The described device that file exports to tape includes: select module, for from described stub file collection
In select at least one to derive to tape stub file form stub file subset, wherein, described in deposit
The total amount of data in root subset of the file and the sub-single-instance storehouse corresponding with described stub file subset is little
In the capacity of a tape, described sub-single-instance storehouse includes by the counterfoil literary composition in described stub file subset
The all single data block that part is quoted;Perform module, be connected with described selection module, for by described
Stub file subset and described sub-single-instance storehouse are derived to a tape;And judge module, with institute
State execution module and described selection module connects, be used for judging whether described stub file collection includes not yet leading
Go out the stub file to tape.
For the above-mentioned device that file is exported to tape, in a kind of possible implementation, described in hold
Row module includes: amendment unit, is connected with described selection module, in described stub file subset
Stub file in finger print data modify, so that the positional information in amended finger print data
Represent the data block corresponding with the described finger print data position in described sub-single-instance storehouse;Derive single
Unit, is connected with described amendment unit, for the described stub file subset having carried out described amendment being derived
Derive to described tape to described tape and by described sub-single-instance storehouse.

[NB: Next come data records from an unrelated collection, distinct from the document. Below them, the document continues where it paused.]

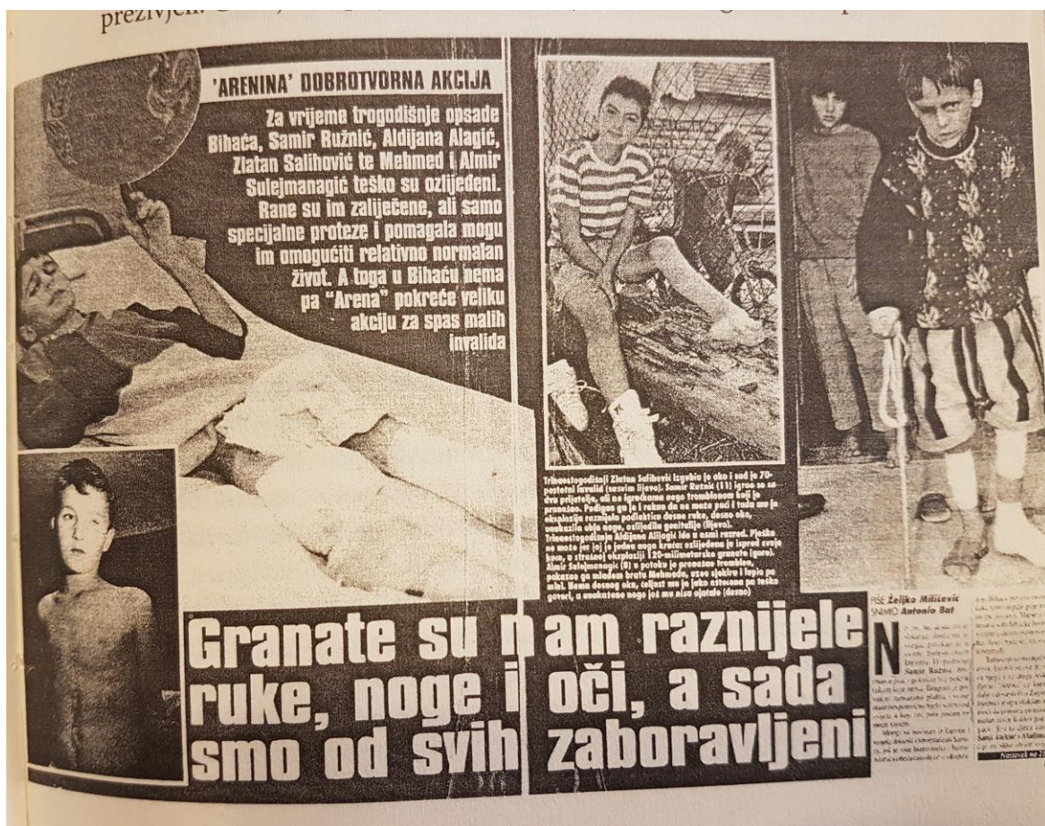
Slika 1. Arenin prilog o stradalnoj djeci u Bihaću

reportaža iz bihaćke bolnice koja prikazuje sudbinu nekolicine djece koja već mjesecima tamo leže, teško ranjena u trogodišnjoj opsadi toga grada. Željela se napraviti potresna priča koja bi zorno prikazala patnje kroz koje prolaze djeca osakaćenih udova, u nadi da će se prikupiti humanitarna pomoć za kupnju protetskih pomagala, odnosno da će im se omogućiti liječenje u kvalitetnijim uvjetima od onih koji su im tada mogli biti pruženi. U nekom trenutku jedan od dječaka povikao je fotoreporterima i novinarima da mu je dosta slikanja, da mu je dosta svega i da to ne želi. Bez obzira na to, slike su objavljene, prikupljena su potrebna financijska sredstva i djeca su zaista otputovala dalje na liječenje. Međutim, ovaj konkretan slučaj, kao i mnogi drugi, nameće etičku dvojbu – jesu li cilj ove akcije i sredstva koja su na putu ka tom cilju korištena, opravdali kršenje prava na privatnost tog dječaka? Jednako tako postavlja se pitanje nije li opisivanjem teške patnje kroz koju su djeca prolazila sekundarna viktimizacija istih? Nisu li se radi toga obnovile patnje i sjećanja ranjenih? Činjenica jest da se na osnovi sočno ispričanih događaja prikupila pomoć od koje su stradali itekako imali koristi. Bi li se isti učinak postigao i da nisu objavljene eksplicitne fotografije iz bolničkih kreveta ili barem da im se u potpunosti zaštitio identitet? (Slika 1)
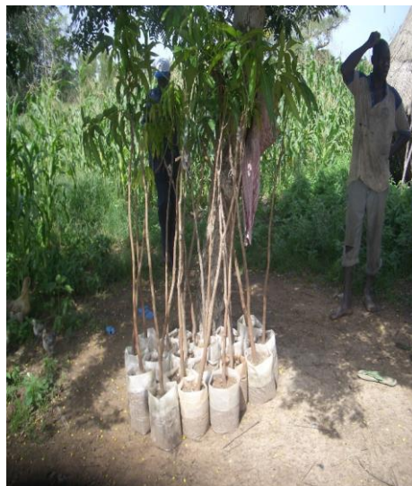
Photo : Plants de manguiers
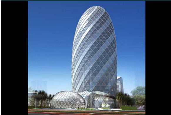
Pearl Tower, Soi Aree, Phaholyothin Road, Bangkok, Thailand
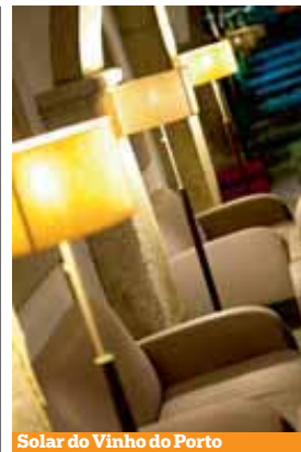
Solar do Vinho do Porto

No solar do Porto, estamos em pleno território oitocentista - na Quinta da Macieirinha, que alberga também o Museu do Romântico, tudo nas traseiras do Palácio de Cristal. No corpo principal do edifício, recria-se a atmosfera da alta burguesia portuense do século XIX e homenageia-se a memória do Rei Carlos Alberto do Piemonte, que aqui passou os últimos meses da sua vida no exílio; num andar inferior, com vista privilegiada para o rio, entramos em território do vinho do Porto. O ambiente é contemporâneo com traços tradicionais - há um certo charme discreto da burguesia bem contemporânea nos interiores de luzes suaves e um olhar à burguesia de antanho no jardim formal que é esplanada-miradouro a percorrer a paisagem desde as caves do Vinho do Porto em Gaia até ao mar, para lá da Ponte da Arrábida.
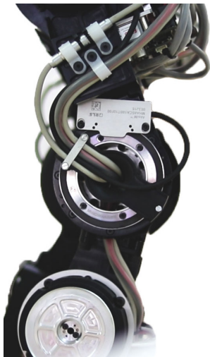
AksIM™ 앵슬루트 로터리 엔코더 시스템을 적용한 REEM-C의 무릎 관절

REEM-C와 PAL Robotics의 다른 휴머노이드 로봇들은 작업에 따라 광범위하고 복잡한 동작을 수행할 수 있는 완벽한 관절을 가지고 있습니다. 토크, 속도 및 위치 측면에서 각 관절의 서보
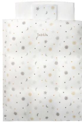
Twinkle (BL) トゥインクル レギュラーサイズ/ミニサイズ
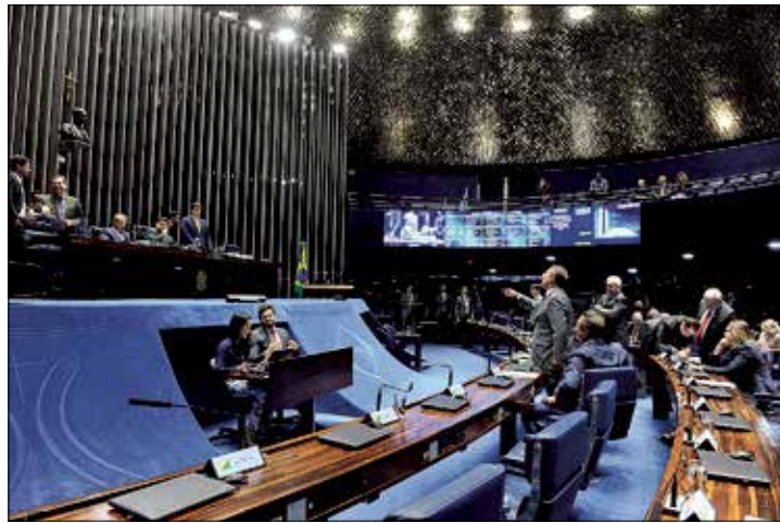
Plenário do Senado durante sessão em que foi aprovada a proposta

Entre as intervenções da Câmara aprovadas estão a inclusão da Agência Nacional de Mineração (ANM) no rol dos órgãos atingidos pela lei e a extensão de algumas normas para o Conselho Administra-
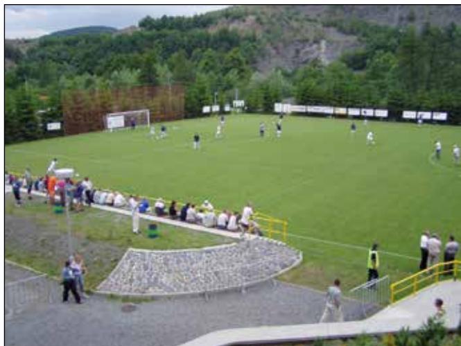
Fotbalové hřiště v Jakubčovicích nad Odrou.

Na křižovatce u kamenolomu nově cyklotrasa křížuje hlavní silnici II/442 a pokračuje rovně na ulici Sportovní. Jak název ulice napovídá, cyklotrasa vedená po ní vás zavede k jakubčovickému sportovnímu areálu, jehož hlavní součástí jsou dvě travnatá fotbalová hřiště, kde slavil fotbalový oddíl TJ Tatra největší slávu za vedení bývalého majitele kamenolomu pana Josefa Hájka z Opavy. Fotbalový stadion se nachází po levé straně cyklotrasy za náhonem a jeho součástí je i volně přístupné dětské hřiště, kde se mohou vydovádět děti.
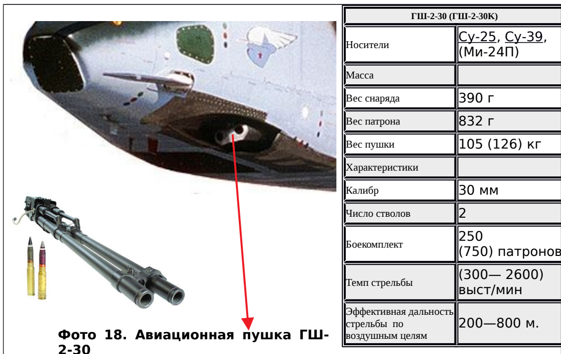
Фото 18. Авиационная пушка ГШ-2-30

Кроме того Су-25 может нести контейнеры СППУ-22 с двухствольной 23-мм пушкой ГШ-23Л.
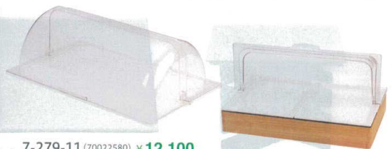
7-279-11 (70022580) ¥12,100 1/1カバー長角 透明 530×330×180
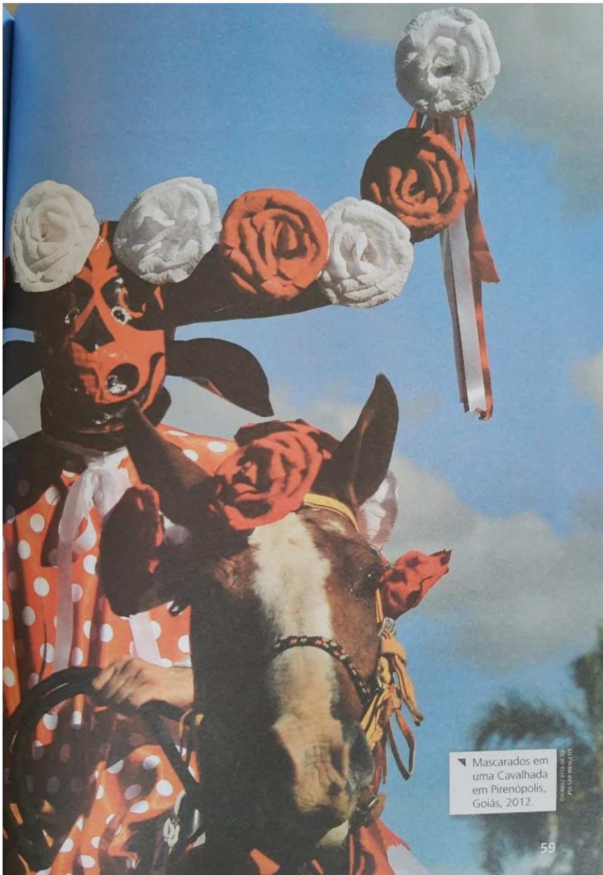
▼ Mascarados em uma Cavalhada em Pirenópolis, Goiás, 2012.

SECRETARIA MUNICIPAL DE EDUCAÇÃO E CULTURA
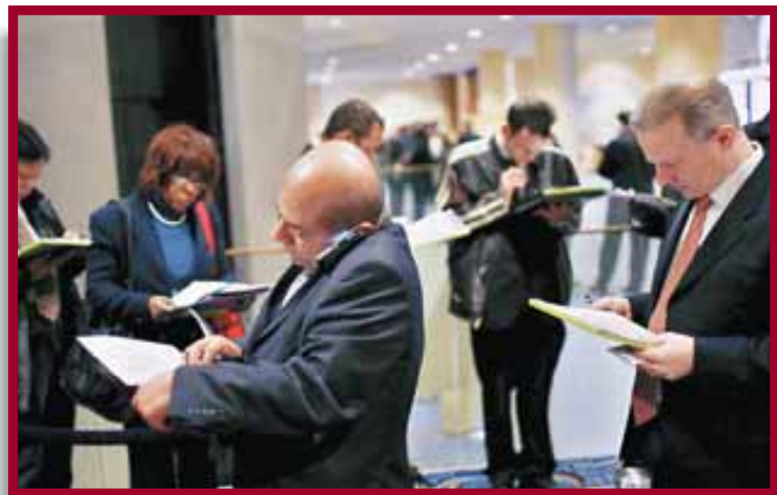
紐約招聘會上，中產人士排隊填表，等待面試。

新失業數據反映美國經濟衰退惡化。美國勞工部長失言會盡一切努力打破「職位流失的破壞性循環」。
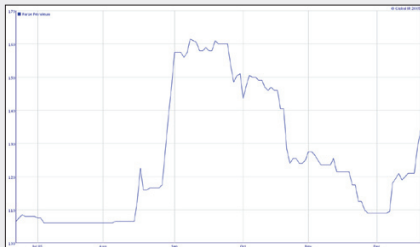
Sveiggini í kursvirðinum hjá Faroe Petroleum hava verið hampuliga stór seinasta hálva árið, sum táð eisini framgongur av talvuni

Við at fáa part í leitiloyvunum við Føroyar, hevur Faroe Petroleum tó gjørt eitt fitt lop upp eftir. At týðandi fund um sama mundið eru gjørd heilt nær føroyska markinum ger sjálvandi eisini sítt til, at vónirnar um eitt týðandi fund í Føroyum eru enn størri.
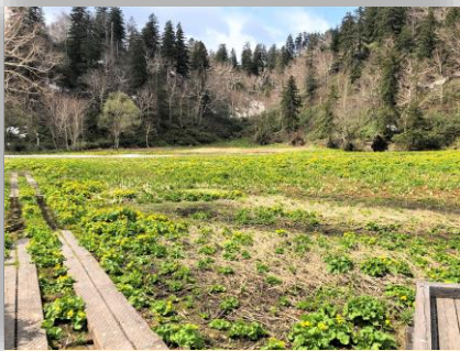
エゾノリュウキンカ
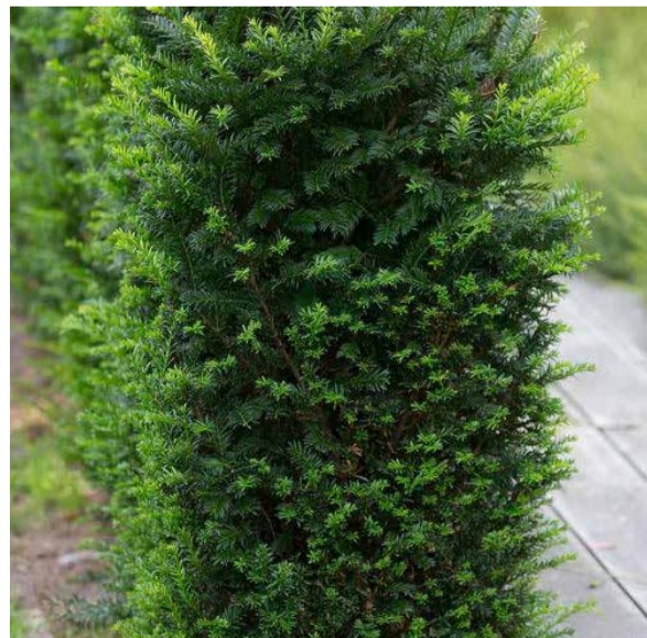
Taxus baccata 'Renkes kleiner gruner'
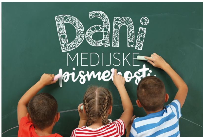
Slika 4. Komunikacijske vještine ključne za radnika 21. stoljeća

Pitanje je kako učenike naučiti ove vještine, kojim ih procesima provjeravati i u kakvom prostoru ih najlakše ostvariti.

For the above-mentioned device that file is exported to tape, in a kind of possible implementation, also include
Restoration module, described restoration module is connected with described execution module, and described restoration module is configured to:
Determining the first data block in described sub-single-instance storehouse, wherein, described first data block is for by an institute
State the data block that stub file is quoted;By in the stub file in described stub file subset with described first
Finger print data corresponding to data block replaces with described first data block, by described first data block from described son
Single-instance storehouse removes, and the described stub file subset output after replacing is to described amendment unit.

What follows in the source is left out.